Stroud pound

Demographics
- User(s): Stroud

= Stroud pound =

Local currency used in Stroud

The Stroud pound is a local currency in use in Stroud, Gloucestershire, England. Unveiled on 12 September 2009, the scheme is the third local currency scheme introduced in England in recent years after the Totnes pound and the Lewes pound.

==History==
Launched on 12 September 2009, the scheme is an initiative of the local Transition Towns group. Unlike the Totnes pound and the Lewes pound, the Stroud pound is based on the Chiemgauer, a community demurrage currency circulating in the Chiemgau region of Bavaria, Germany since 2003. The Stroud pound has a demurrage rate of 3% every six months. As of April 2010, 30 businesses in Gloucestershire are enrolled in the programme.

On the day of the launch, local currency with a face value of over 1,000 Stroud pounds was sold.

However, in 2011 only £4,000 worth of Stroud pounds were issued.
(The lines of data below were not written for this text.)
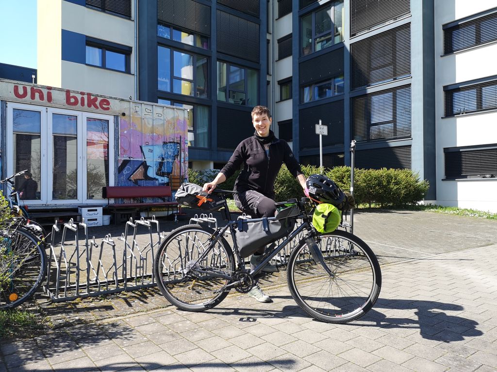 Wer heute auf sich aufmerksam machen will, muss sich schon etwas Besonderes einfallen lassen: Eva Krah (27 Jahre), Zweirad-Mechatronikerin, ist gerade mit ihrem Meisterstück, einem selbstgebauten Fahrrad, unterwegs. Am 19. April startete sie ihre Tour in Kopenhagen und plant, in der zweiten Mai-Woche in Mainz anzukommen. Insgesamt wären es dann rund 1.700 Kilometer, die die Mainzerin zurückgelegt hat.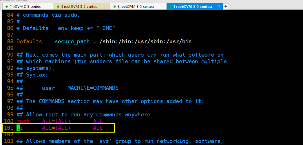 root用户下, 在/etc/sudoers文件中, 100+shift+g,添加一行相关信息即可!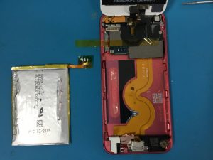 iPodのバッテリーはiPhoneとは異なり基盤にはんだ付けされている構造になります。

Some local businesses complained about the hassle and said customers still supported them but preferred to use sterling.

In 2015 a discussion on a possible re-launch was held.

One of the founders, Molly Scott Cato said in 2016 that the currency was "never viable", since there was not enough currency in circulation, compared to the Bristol pound.

As of November 2019 the website had not been updated since 2012, but Stroud Pound Co-op Ltd still exists.

==Currency design==
Stroud Pounds were available in four denominations: £1, £2, £5 and £10. All feature Philippa Threlfall's 1972 mural "Buildings of Stroud" and a Fuller's teasel (Dipsacus sativus) on the front, and various images of local significance (including local celebrities, landscapes, flora and fauna) on the back. The highest denomination features Laurie Lee. Designs are printed in bright colours on watermarked security paper.